### Data shown:
************
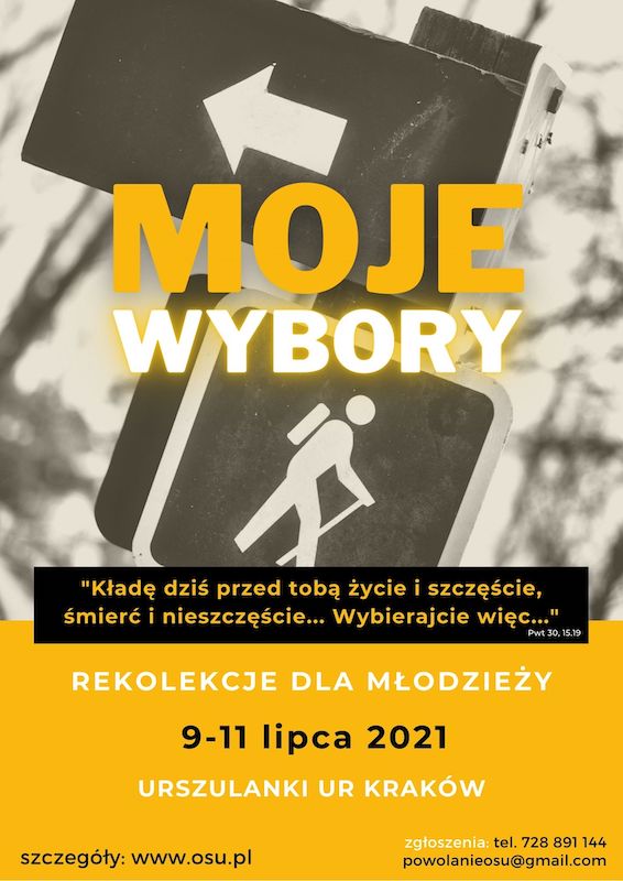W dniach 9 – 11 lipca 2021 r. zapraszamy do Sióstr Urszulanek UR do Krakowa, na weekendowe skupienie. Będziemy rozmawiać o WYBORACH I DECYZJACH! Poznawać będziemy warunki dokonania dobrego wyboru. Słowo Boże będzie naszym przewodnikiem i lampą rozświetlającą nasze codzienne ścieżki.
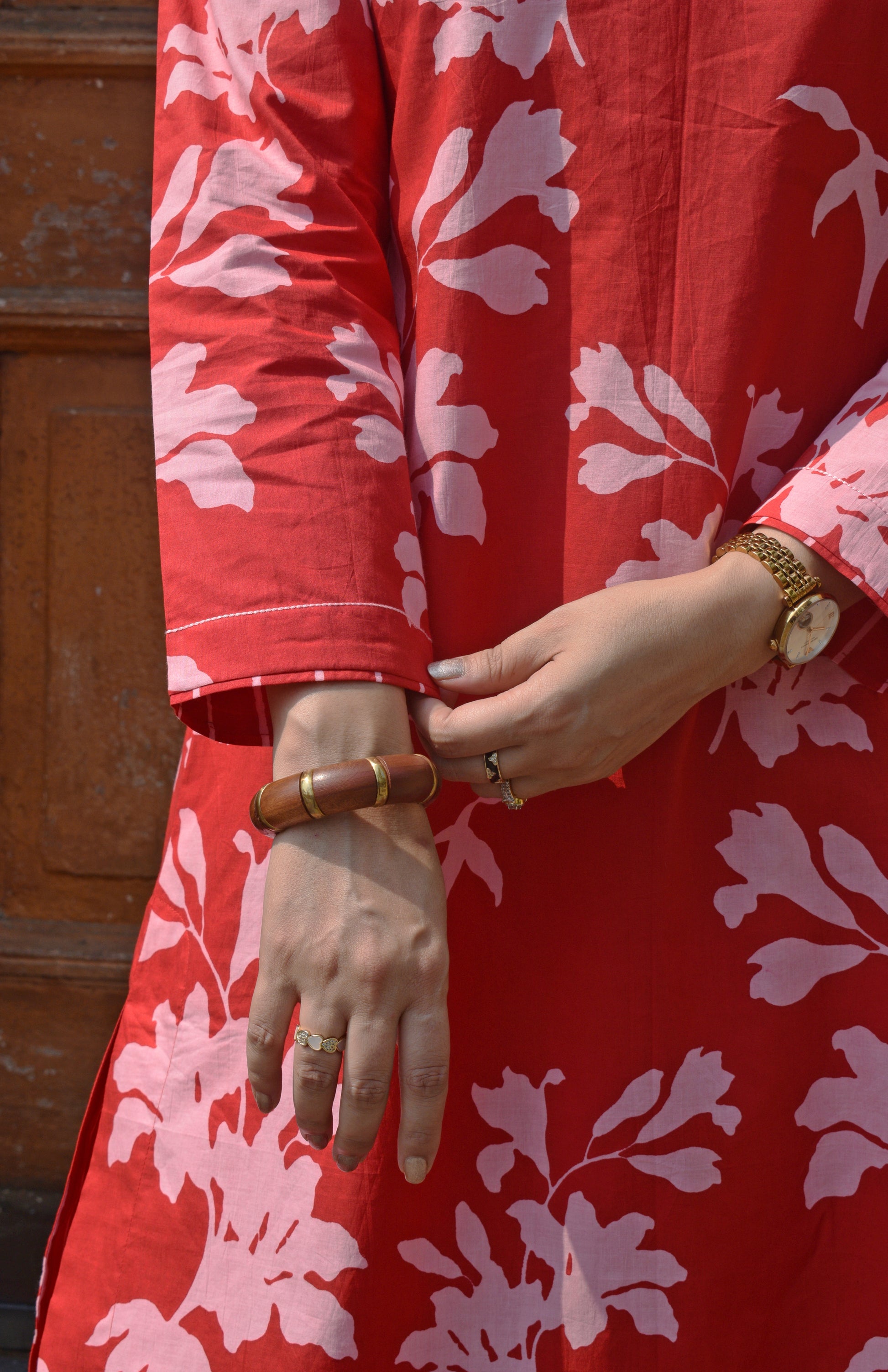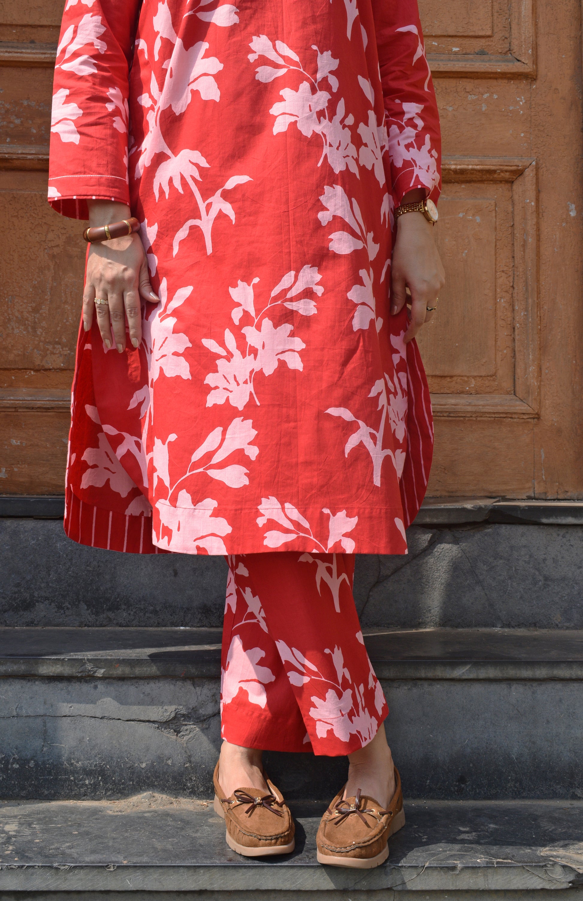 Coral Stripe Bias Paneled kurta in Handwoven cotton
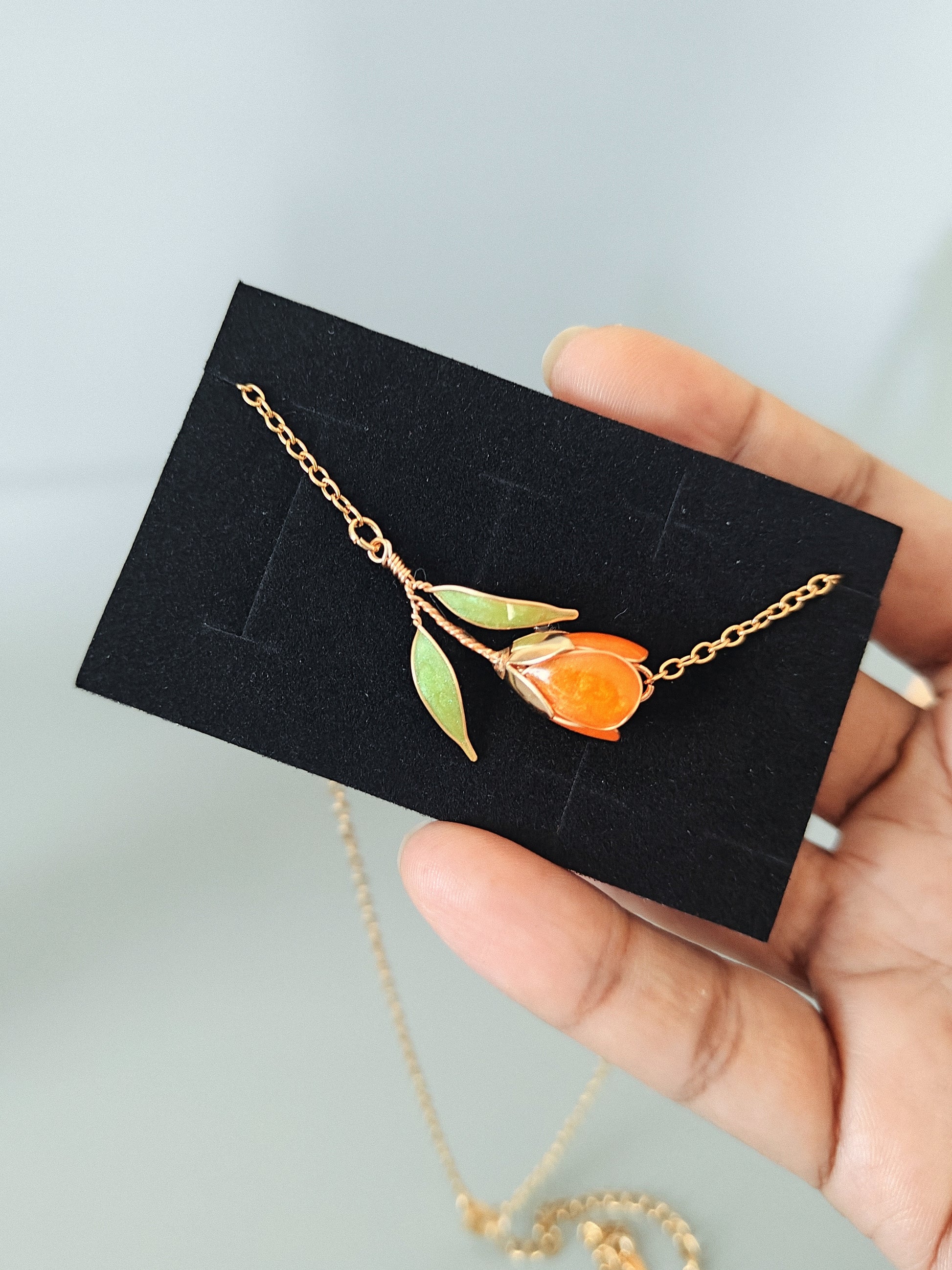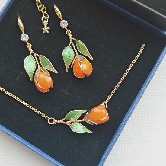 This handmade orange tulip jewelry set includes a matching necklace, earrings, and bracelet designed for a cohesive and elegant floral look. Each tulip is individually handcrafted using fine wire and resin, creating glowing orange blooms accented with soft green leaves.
************
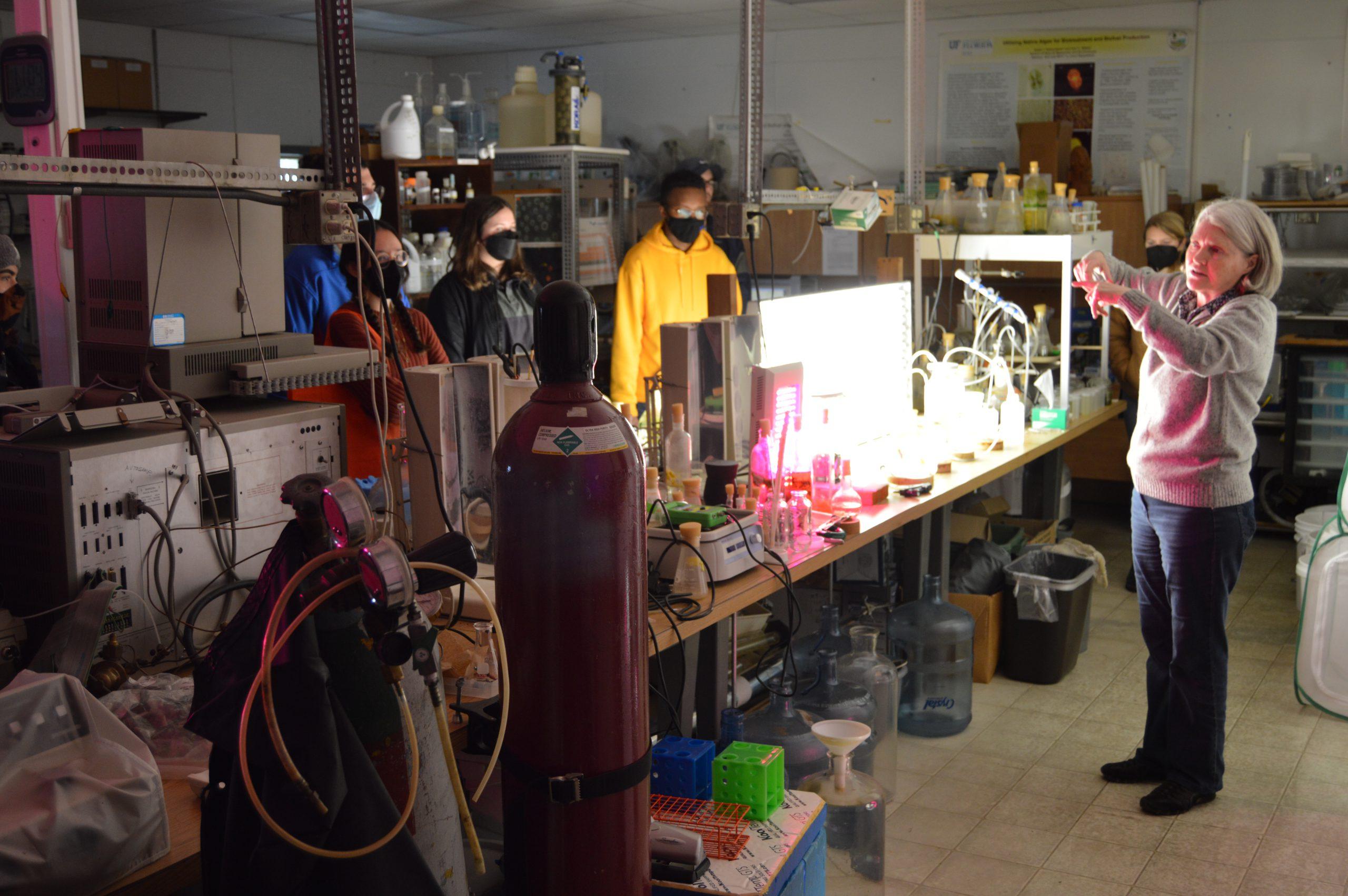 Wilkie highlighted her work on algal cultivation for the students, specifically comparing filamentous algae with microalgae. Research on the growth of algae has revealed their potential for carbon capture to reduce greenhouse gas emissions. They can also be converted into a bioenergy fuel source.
************
Above is the material; set down exactly its lines from the one containing "W dniach 9 –" down to the one containing "This handmade orange", both included, leaving out any pictures.

### Reply to the task:
W dniach 9 – 11 lipca 2021 r. zapraszamy do Sióstr Urszulanek UR do Krakowa, na weekendowe skupienie. Będziemy rozmawiać o WYBORACH I DECYZJACH! Poznawać będziemy warunki dokonania dobrego wyboru. Słowo Boże będzie naszym przewodnikiem i lampą rozświetlającą nasze codzienne ścieżki.
 Coral Stripe Bias Paneled kurta in Handwoven cotton
 This handmade orange tulip jewelry set includes a matching necklace, earrings, and bracelet designed for a cohesive and elegant floral look. Each tulip is individually handcrafted using fine wire and resin, creating glowing orange blooms accented with soft green leaves.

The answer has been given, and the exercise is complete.